Extract Table from PDF to Excel without DU

Hello folks,

I am trying to get this table data from PDF to excel using activities and not Document understanding.

This is the sample data, similarly there are many more files.
Single FIle Sample.pdf (390.4 KB)

I am using:
1 . Read PDF Text to get the string text.
2. Using string manipulation.
3. Generate Data Table to convert that to Data Table
4. Write range to write the data to excel.

I am not able to get the values in structured format as it is in PDF, can anyone help me with that ASAP? please share the expression as that will help me, I am new to this domain.
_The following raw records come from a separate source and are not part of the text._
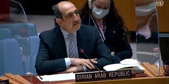 وأوضح صباغ أن سورية دأبت على موافاة لجنة القرار 1540 والأمانة العامة للأمم المتحدة بمعلومات حول حيازة واستخدام التنظيمات الإرهابية مواد كيميائية أو فبركة حوادث كيميائية في سورية ومن بينها حيازة عناصر من تنظيم “جبهة النصرة” الإرهابي مواد كيميائية سامة وصواريخ تم تعديلها وتسليحها بهذه المواد السامة في محافظة إدلب تحضيراً لفبركة حادث كيميائي لتوجيه اتهامات للجيش العربي السوري وحلفائه وذلك بناء على تعليمات من دوائر استخباراتية أجنبية مبينا أن عدداً من إرهابيي “جبهة النصرة” تعرضوا مؤخراً لحروق وحالات اختناق عند محاولتهم نقل حاويات تحوي مواد كيميائية سامة في محافظة إدلب.
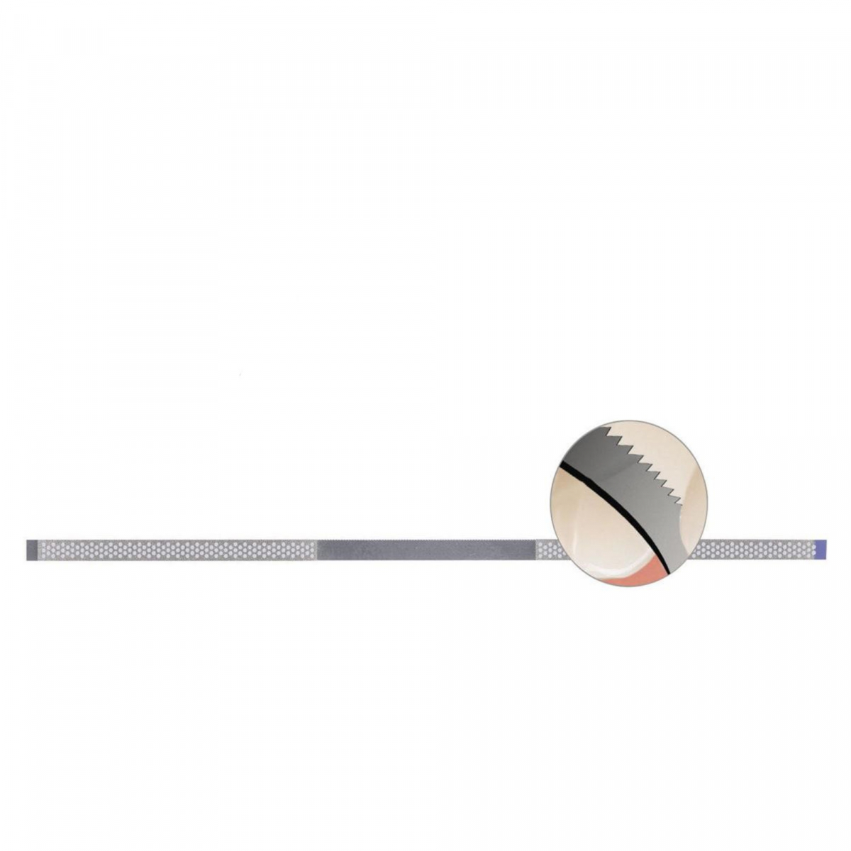 Strisce sottili in acciaio inox, flessibili e resistenti, con un solo lato abrasivo e zona centrale non diamantata per facilitare l'inserimento interprossimale. Indicate per la sgrossatura e la rifinitura di superfici prossimali di otturazioni e per allargare i punti di contatto. Autoclavabili. Lunghezza cm. 14,7. Confezione: 10 pz.
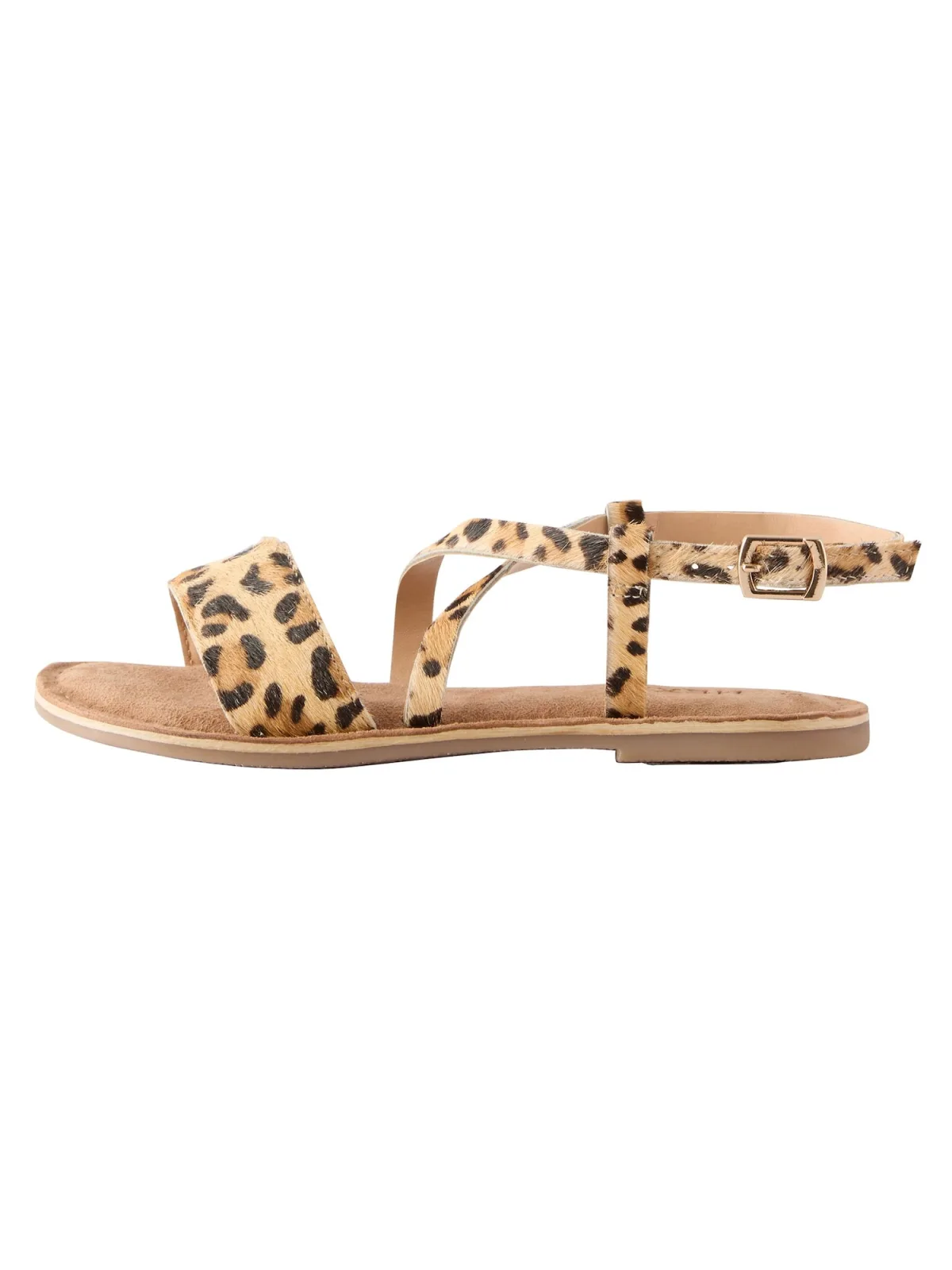 Design: Verstelbare riemen; Type sluiting: Riemsluiting; Materiaal: Leer; Motief: Dierenprint; Materiaal: Suède; Schoenneus: Open toe; Extra's: Flexibele zool; Hakhoogte: Platte hak (0-3 cm)

You can try that with Regex
Have you tried ?

@Sudharsan_AIT Thanks for your response, I am not from Technical / coding background, I took a shift from management domain, that is why I am finding help here, I don’t know regex yet. at learning phase :smiley:

If you could help me with that I can try that out.

Thanks.

Hi @Rajesh_Shet

Here is the workflow

Sample.xaml (7.0 KB)
and Excel file
Sample.xlsx (9.0 KB)

The same way as you created
1 . Read PDF Text to get the string text.(Properties-> Preserve Formating =True)
3. Generate Data Table to convert that to Data Table

  1. Write range to write the data to excel.

Let me know if this works

Regards
Sudharsan

1 Like

Thanks alot @Sudharsan_AIT let me try that.

If you have more files in the folder
Steps will be like :
1 )For Each Item in Directory.GetFiles(“The Path of your folder in which the files will be there”,"*.pdf") (This will get all the excel files and store it as string of array)(Properties->Arguments=String)


Inside steps will be same as above
Sample.xaml (7.9 KB)

Hi @Sudharsan_AIT,

Please avoid attaching only xaml files as reponses to questions.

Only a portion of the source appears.